A great game to carry with you it plays anywhere and always attracts people.

Note: this review refers to a different release of this product.
 
 
 
 
 
Fast and Fun
October 20, 2002

I am a big time gamer and Hive is a wonderful, simple to learn, difficult to master, 2 player game. It is a definite 5 star game in the category of 2 player games. The no luck factor goes along way with me. It goes anywhere since there is no board and has endless replay value. It is kind of like chess in 10-20 minutes. Great wood figures as well.

Note: this review refers to a different release of this product.
 
 
 
 
 
Beetle-Mania... but with spiders, ants and bees too
October 09, 2002

Having an interest in insects and other arthropods, purchasing this game was a given. Having it be a quick, two-player game that plays well was a bonus. I have found it to be a very enjoyable game, though lately I've been getting my abdomen handed to me. Although it is an abstract game, something about the different movement types (jumping, crawling, etc.) seem to really fit with the various arthropods depicted on the pieces. I hope that you enjoy it as much as I have.

Note: this review refers to a different release of this product.
 
 
 
 
 
by Dr Jay
What's the Buzzzz?
January 13, 2004

All that Hive lacks is the Indonesian House Cricket scenario. Since those insects hop and hop fast, that would add to the liveliness of the game.

When my opponent, referred to as the Silver Player, started to play the game, we had no idea that three different games would result. The game starts out with a simple premise: Protect your Queen Bee from being taken over by your opponent's pieces.

Pieces consist of Three Driver Ants, Two Spiders, Two Beetles, and Two Grasshoppers. You must conserve your pieces, and the Silver Player did just that by holding back the Driver Ants. The Driver Ants remind one of the power of the chess pieces, Rook and Knight. The Driver Ants can move in any straight line direction around the blocks and can prove quite formidable when blocking the opponent's pieces.

The Grasshoppers were particularly enjoyable to move, because they can hop in any straight line. However, the Silver Player pinned my two grasshoppers in the third game. That brings up a nasty feature of the game. You must always form a chain with your blocks, and the chain can never be broken. If I had moved one of the pinned grasshoppers, I would have broken the chain.

The game starts with the Queen Bee having to appear by the fourth turn. You have two choices for each turn: move or place. You cannot do both, and that creates some fascinating dilemmas in deciding what to do.

As one discovers quickly, it is not a good idea to surround your Queen Bee with two of your pieces for protection.
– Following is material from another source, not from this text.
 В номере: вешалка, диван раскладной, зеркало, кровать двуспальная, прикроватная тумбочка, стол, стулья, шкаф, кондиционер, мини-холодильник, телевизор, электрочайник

Then, the Queen Bee cannot break the chain. Also, the rules state you can surround a queen bee with your own pieces and your opponent's. That constitutes a win for either the Silver or Blue Player.

Spiders are quite troublesome in the game. As I discovered, the spiders can only move three spaces (no more, no less) around the periphery of the blocks. In the third game, the Silver Player effectively used his spiders to pin some of my blocks from moving to surround his queen.
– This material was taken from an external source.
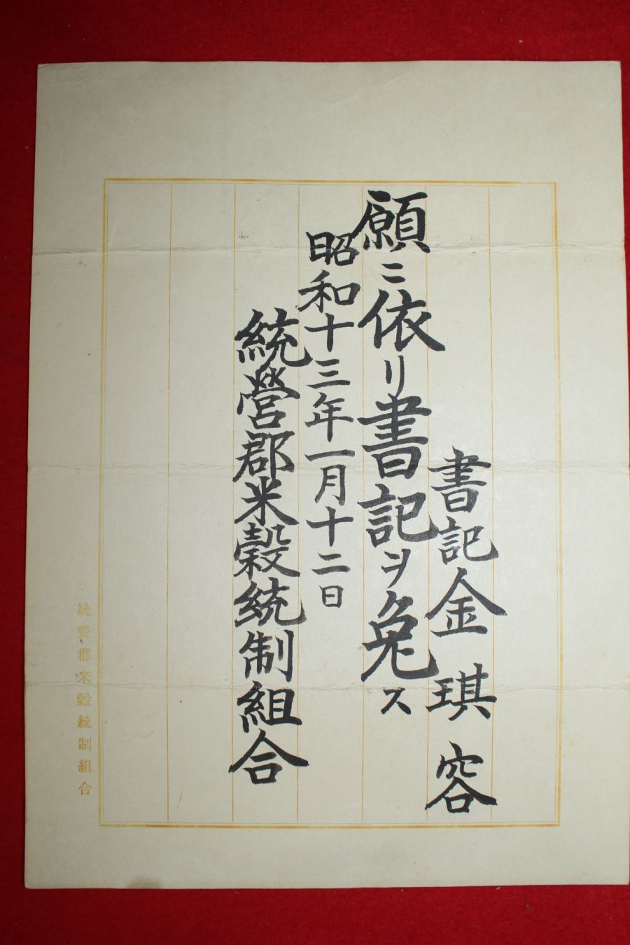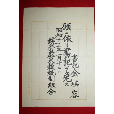 • 1938년(소화13년) 통영군미곡통제조합 서기 임명장
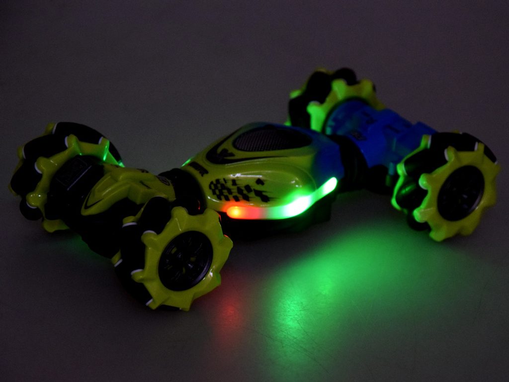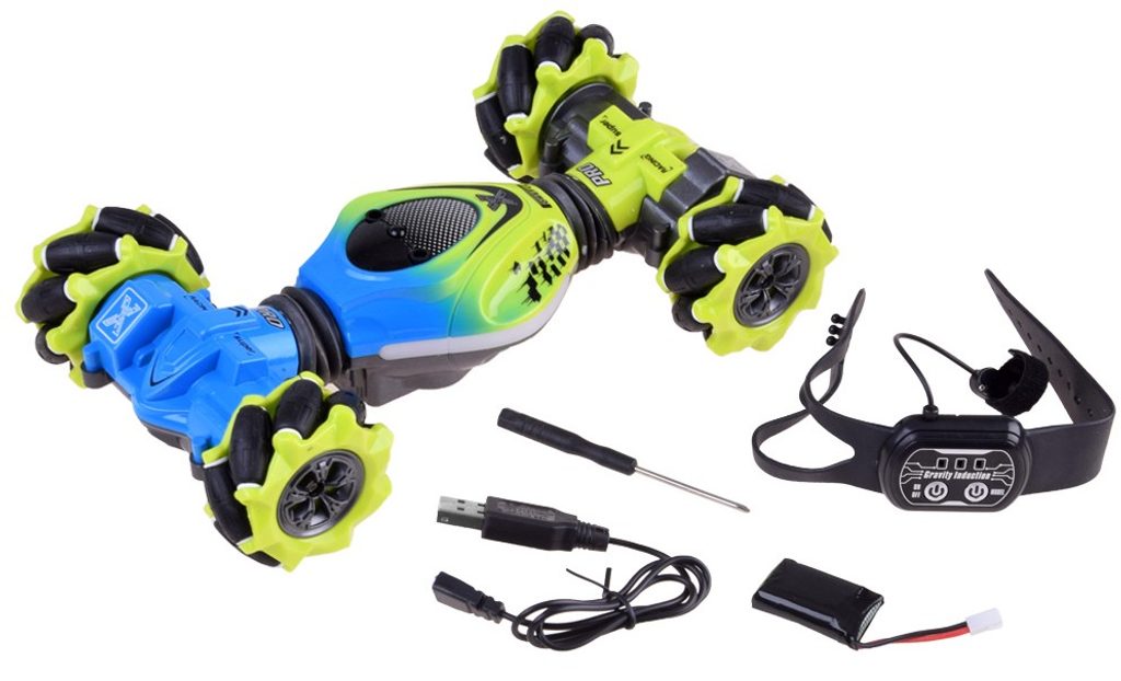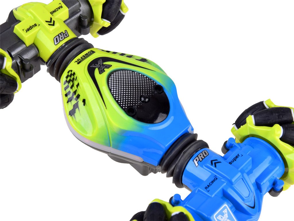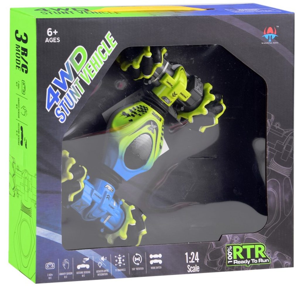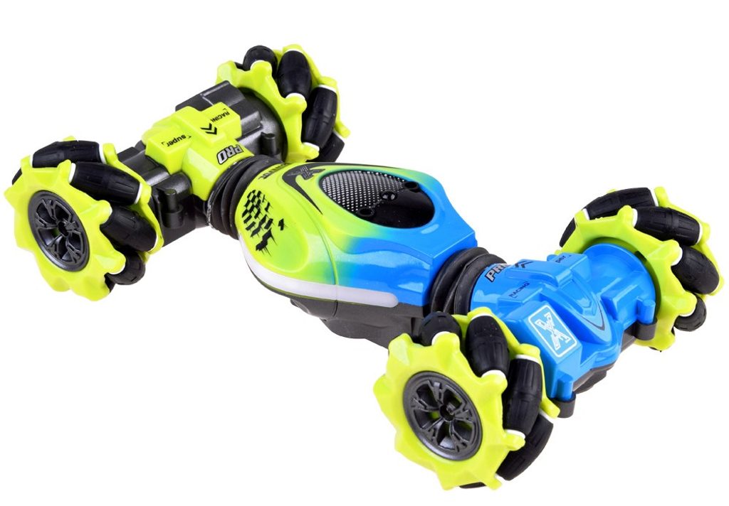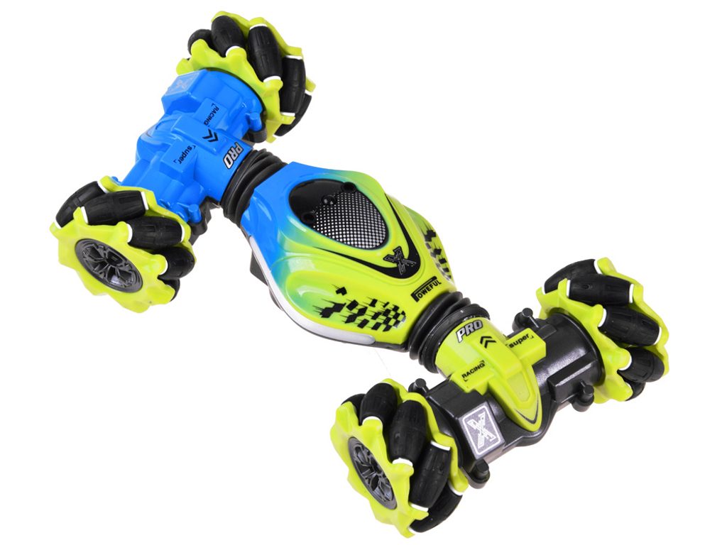 Auto s dálkovým ovládáním 2,4G Stunt 4WD Vehicle je určeno pro děti od 6 let věku. Vozidlo na speciálních driftových pneumatikách si perfektně poradí s hladkým povrchem, cizí mu není ani akrobacie, náhlé změny směru, rotace o 360°, zkroucení doleva i doprava, a to vše pomocí zabudovaných senzorů. Auto je ovládané dálkovým ovladačem, které funguje na principu detekce pohybu. Dálkové ovládání má pohybový senzor. Autíčko je vyrobeno z odolného plastu a má certifikaci CE.

One must keep a wary eye on colors matching. You cannot end the movement, say, of the Blue block next to another block of a Silver color. The colors have to match on all sides of each hexagonal block. That creates a hair-raiser when one is running through all the possibilities of trying to move an insect.

The third game proved our closest one for the Blue and Silver players. Each of us immediately placed two blocks to start surrounding the queen. Then, it became a contest of who had the most moves and pieces to finish the surrounding effort. I made an error by allowing two of my grasshoppers to be pinned and not taking advantage of the beetles' capability.

The beetles move one block or space. They can pin whatever is underneath and, for a time, change that opponent's color to the beetle's color. It is important to use the beetles wisely instead of letting them languish among the blocks.

As you can see, Hive hooks you, creates a buzz, and provides endless possibilities to pin the Queen Bee.

Note: this review refers to a different release of this product.